>
AMD wants to reduce communication costs and is on a crusade to significantly reduce the cost of transferring bits between memory and computer by RAM on top of the CPU/GPU.
Dr. Lisa Su, CEO of the company, recently gave a high-level presentation at the International Solid-State Circuits Conference (ISSCC) 2023, speaking at length about the need to increase the amount of energy (expressed in Joules) per computation operations (FLOPS). to decrease.
Otherwise (as she puts it) the next Zettaflop-compatible supercomputer needs a nuclear power plant to keep running – and that’s not a realistic or sustainable thing.
Distance
Instead, the biggest improvements in performance per watt, Su believes, will be achieved by reducing the physical distance between memory and where computation takes place (on the CPU or GPU).

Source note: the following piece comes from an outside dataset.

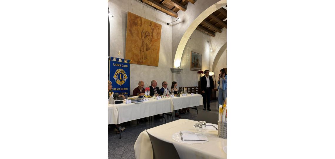 A fare gli onori di casa il Presidente del Club, Riccardo Murabito, che ha guidato con passione e determinazione un’annata ricca di attività, incontri e service a favore della comunità. Al suo fianco, presenze di rilievo del panorama distrettuale e locale: il 1° Vice Governatore del Distretto 108 Ib3 Mirella Marussich, il 2° Vice Governatore Paolo Doldi, il Presidente di Zona A Vittorio Malfasi, il Presidente del Lions Club Crema Gerundo Andrea Goldaniga, il Presidente in coming del Lions Club Crema Serenissima Arrigo Fusar Bassini, il rappresentante del Lions Club Pandino Gera d’Adda Viscontea Gianni Marchese, l’Officer distrettuale e Lions Guida Elda Zucchi e, per i Leo, la Presidente in coming del Leo Club Tarantasio Terre Cremasche, Vittoria Guariniello.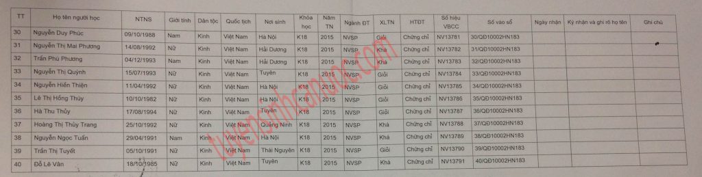 Bảng điểm lớp TC-SCF 01 Bảng điểm lớp TC-SCF 01 Thông báo mở lớp Nghiệp vụ sư phạm tại Lào Cai Danh sách lớp GV-SCF 01 (Chốt)

She used the example of the MI300 accelerator which uses a next generation AMD Instinct APU with unified high-bandwidth memory (HBM) to achieve significant energy savings.

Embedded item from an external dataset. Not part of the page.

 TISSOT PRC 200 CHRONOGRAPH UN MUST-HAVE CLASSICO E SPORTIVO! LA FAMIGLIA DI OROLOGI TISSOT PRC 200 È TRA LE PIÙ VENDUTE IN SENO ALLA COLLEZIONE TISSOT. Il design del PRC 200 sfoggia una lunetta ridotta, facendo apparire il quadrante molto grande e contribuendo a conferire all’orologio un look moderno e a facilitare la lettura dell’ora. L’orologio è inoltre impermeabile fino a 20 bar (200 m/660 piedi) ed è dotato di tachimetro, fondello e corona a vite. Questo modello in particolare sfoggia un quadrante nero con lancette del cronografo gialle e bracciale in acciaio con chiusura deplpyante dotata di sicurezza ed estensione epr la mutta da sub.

At the same time, AMD has already integrated processing-in-memory to reduce the energy required to access data.
Su’s presentation stated, “Important algorithmic kernels can run directly in memory, saving precious communications energy” – and for that, AMD is teaming up with Samsung Electronics, whose expertise in DRAM is undeniable.
Closer is better
Memory-on-chip is already mainstream: AMD is packing it in AMD Ryzen 9 7950X3D and be up for it Ryzen 7 5800X3D (note that this memory is the faster and more expensive SRAM instead of DRAM). HBM is present in AMD’s Instinct MI accelerators and in Nvidia’s popular A100 accelerator, the brain behind it ChatGPT. Apple’s M series used HBM connected to the processor, but on the packaging instead of on the chip.
Eventually, HPC will move toward full-scale memory-on-chip, as it is the simplest low-hanging fruit as workloads that require extremely large amounts of high-bandwidth push addressing power requirements (and associated costs) higher on the priority list.

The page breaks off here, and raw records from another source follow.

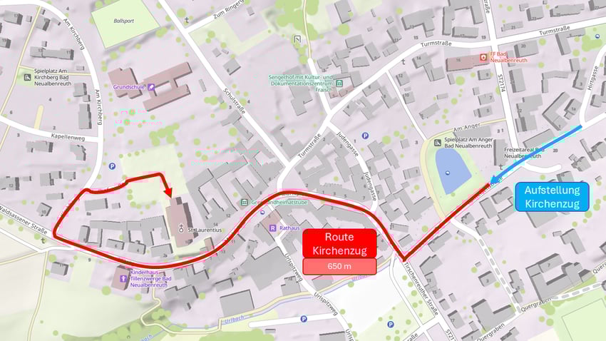 🚶♂️ Die Route führt uns durch den Ort bis zur Kirche, vorbei an Dorfteich, Marktplatz, Kindergarten und weiter zum Friedhof.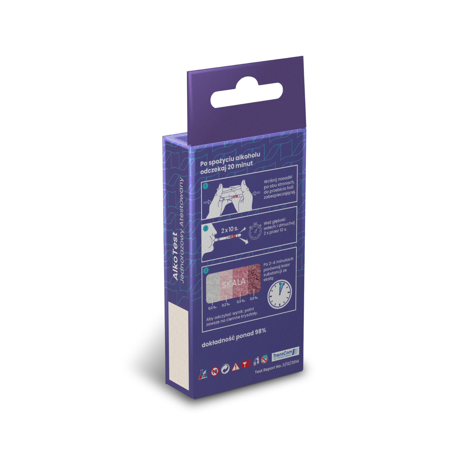 Każdy alkomat jednorazowy w zestawie jest pakowany oddzielnie i gotowy do natychmiastowego użycia. Procedura wykonania testu jest prosta: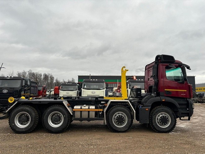 - Выдающаяся грузоподъемность и надежность: Сочетание усиленного шасси полной массой 50 000 кг и австрийского крюкового погрузчика Palfinger PH T26 обеспечивает работу с полезной нагрузкой до 26 тонн и контейнерами различных типоразмеров.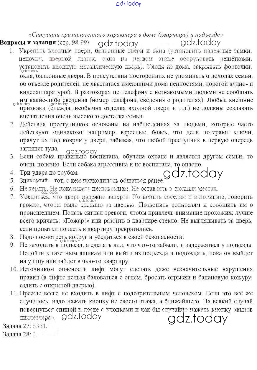 На страницах сайта gdz.today вы найдете учебный и вспомогательный материал, направленный на улучшения знаний школьной программы. ГДЗ - онлайн мир знаний Страницы (решение) 98-99 Учебнику по ОБЖ для 5 класса Поляков, Кузнецов Дрофа Вертикаль 2015

Fujitsu’s A64FX processor, launched in 2019, is a true trailblazer and trailblazer, merging dozens of Arm cores with 32 GB HBM2 memory on top and offering a whopping 1 TBps of bandwidth and with HBM3 already available on Hopper H100 from Nvidia enterprise GPU, it gets even more interesting. Rambus plans to go beyond the HBM3 specs and hinted, last Aprilwith a bandwidth of up to 1.05 TBps.
Increased interest in HBM, the cloud of the 1-ton gorilla that is Apple and the never-ending quest for bandwidth without needing an exotic power supply (and equally exotic cooling system) means that HBM will – in the long run – probably supplant DIMM (and GDDR) as the main memory format: blame Apple.
Dr. Su expects the first Zettascale supercomputer to be unveiled before 2035: that gives us 12 years to find the perfect solution unless AI arrives there first.